• [What needs to be done] The expected output is every record below, transcribed exactly, with the pictures left out.
Start of Block
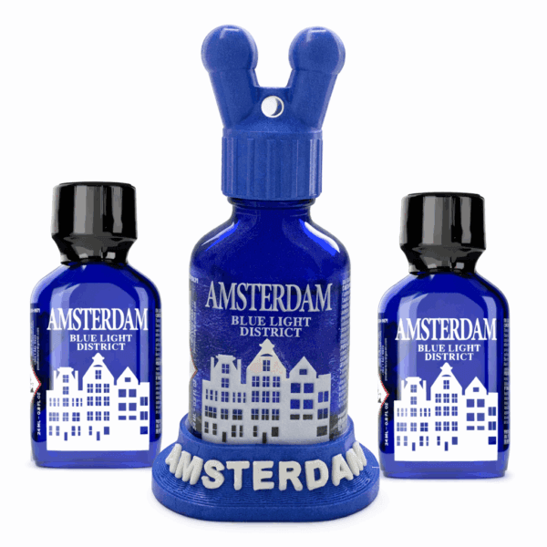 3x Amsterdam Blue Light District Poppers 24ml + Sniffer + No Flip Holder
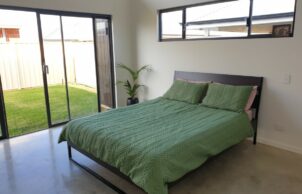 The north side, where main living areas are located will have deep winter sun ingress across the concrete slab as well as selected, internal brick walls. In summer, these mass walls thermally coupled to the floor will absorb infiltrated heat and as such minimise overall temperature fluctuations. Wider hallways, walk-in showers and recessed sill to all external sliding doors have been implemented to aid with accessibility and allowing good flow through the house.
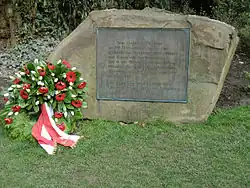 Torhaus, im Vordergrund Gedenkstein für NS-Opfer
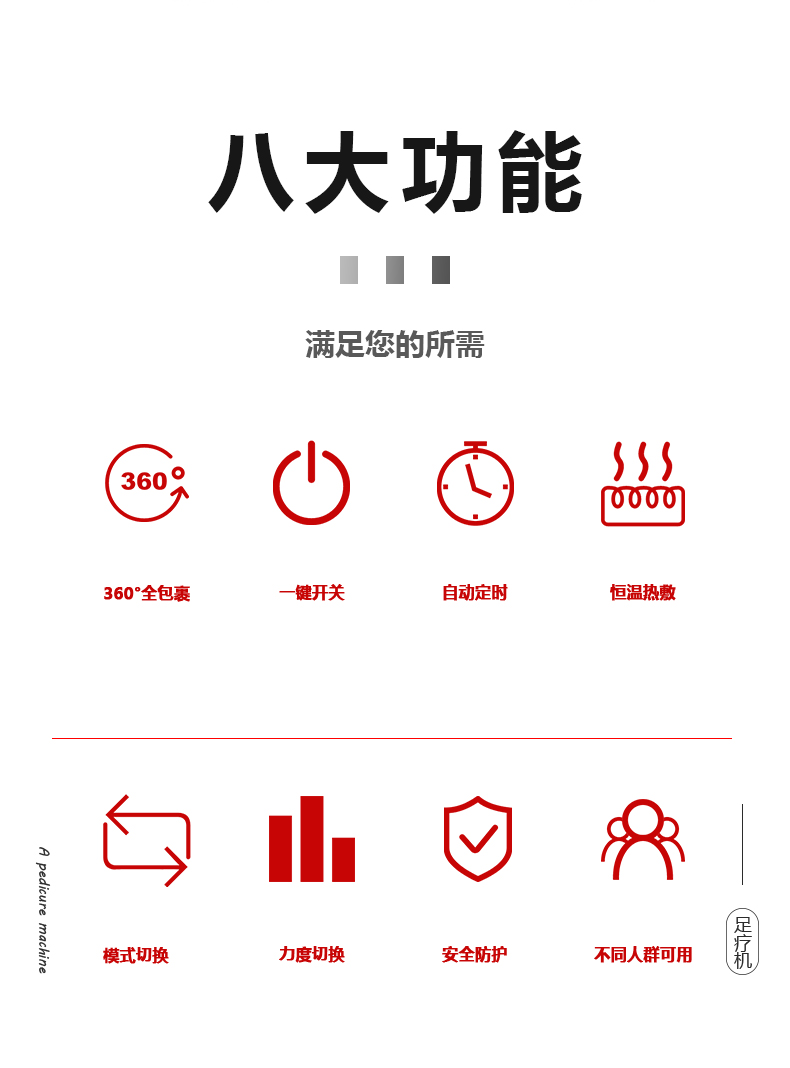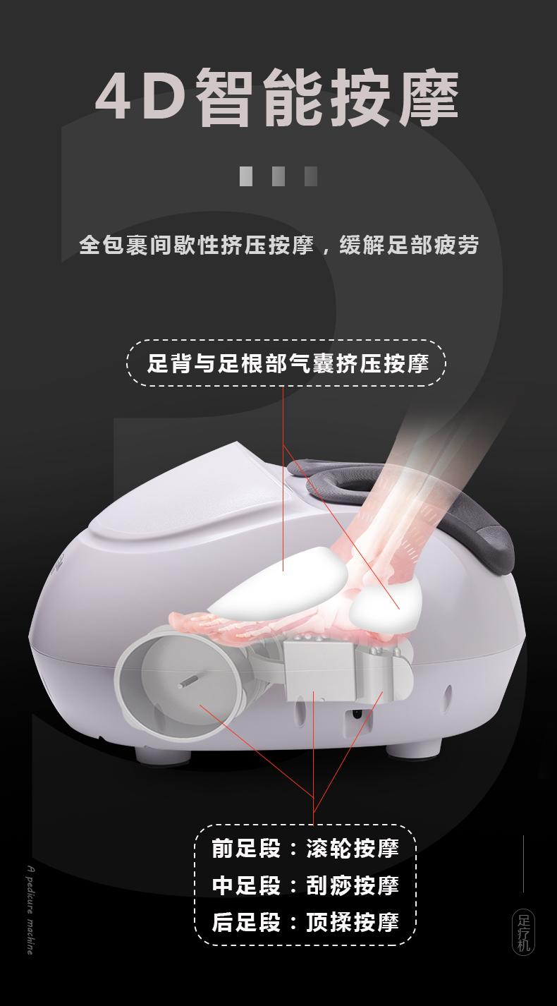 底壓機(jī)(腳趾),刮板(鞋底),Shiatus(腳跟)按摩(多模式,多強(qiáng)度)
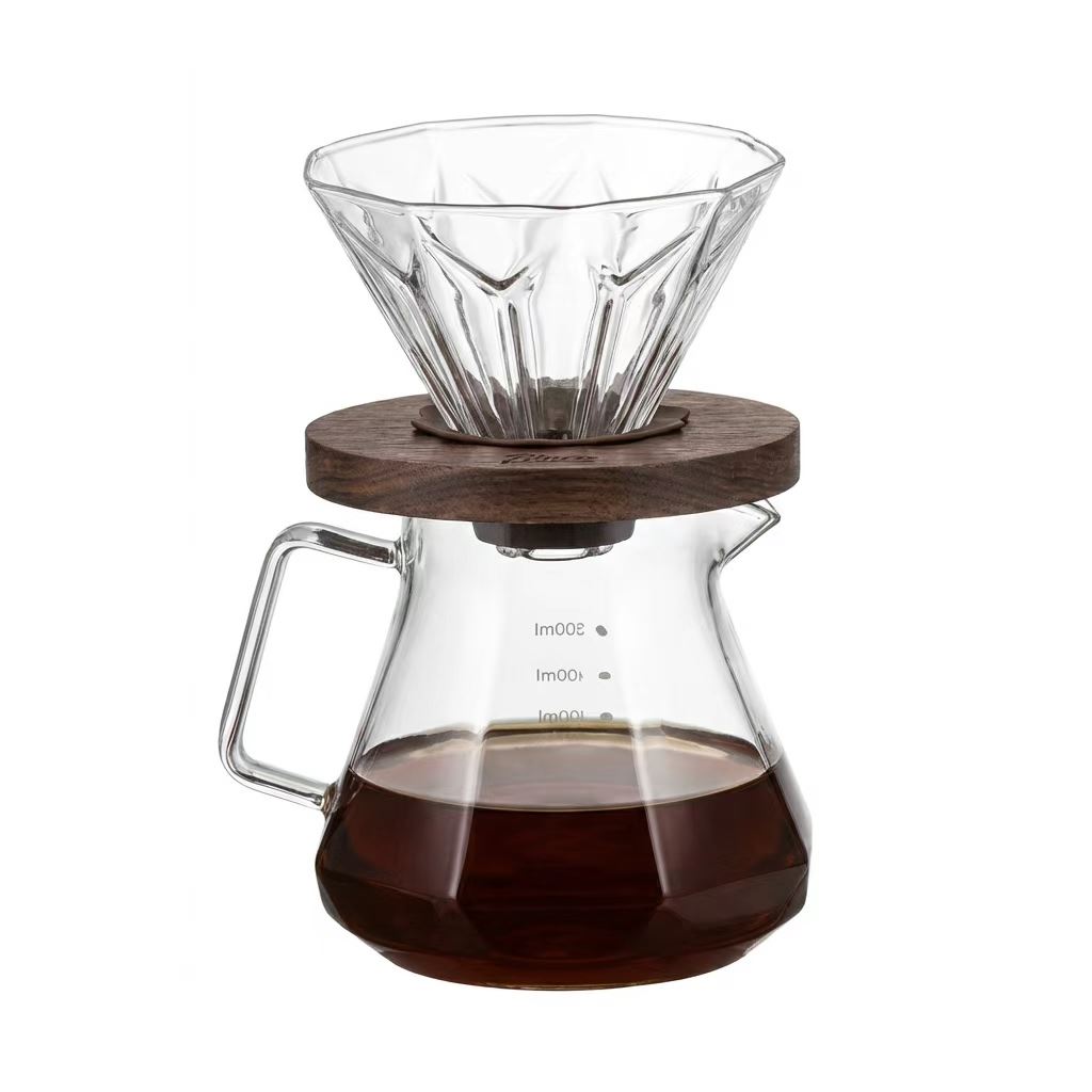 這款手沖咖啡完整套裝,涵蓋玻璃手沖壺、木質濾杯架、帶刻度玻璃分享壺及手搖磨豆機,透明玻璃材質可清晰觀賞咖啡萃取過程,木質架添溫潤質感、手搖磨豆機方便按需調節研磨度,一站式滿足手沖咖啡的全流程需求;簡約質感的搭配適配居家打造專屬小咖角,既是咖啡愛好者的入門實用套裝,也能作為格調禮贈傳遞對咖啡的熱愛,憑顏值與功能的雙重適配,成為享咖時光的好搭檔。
End of Block
• [Exercise solution]
 3x Amsterdam Blue Light District Poppers 24ml + Sniffer + No Flip Holder
 The north side, where main living areas are located will have deep winter sun ingress across the concrete slab as well as selected, internal brick walls. In summer, these mass walls thermally coupled to the floor will absorb infiltrated heat and as such minimise overall temperature fluctuations. Wider hallways, walk-in showers and recessed sill to all external sliding doors have been implemented to aid with accessibility and allowing good flow through the house.
 Torhaus, im Vordergrund Gedenkstein für NS-Opfer
 底壓機(jī)(腳趾),刮板(鞋底),Shiatus(腳跟)按摩(多模式,多強(qiáng)度)
 這款手沖咖啡完整套裝,涵蓋玻璃手沖壺、木質濾杯架、帶刻度玻璃分享壺及手搖磨豆機,透明玻璃材質可清晰觀賞咖啡萃取過程,木質架添溫潤質感、手搖磨豆機方便按需調節研磨度,一站式滿足手沖咖啡的全流程需求;簡約質感的搭配適配居家打造專屬小咖角,既是咖啡愛好者的入門實用套裝,也能作為格調禮贈傳遞對咖啡的熱愛,憑顏值與功能的雙重適配,成為享咖時光的好搭檔。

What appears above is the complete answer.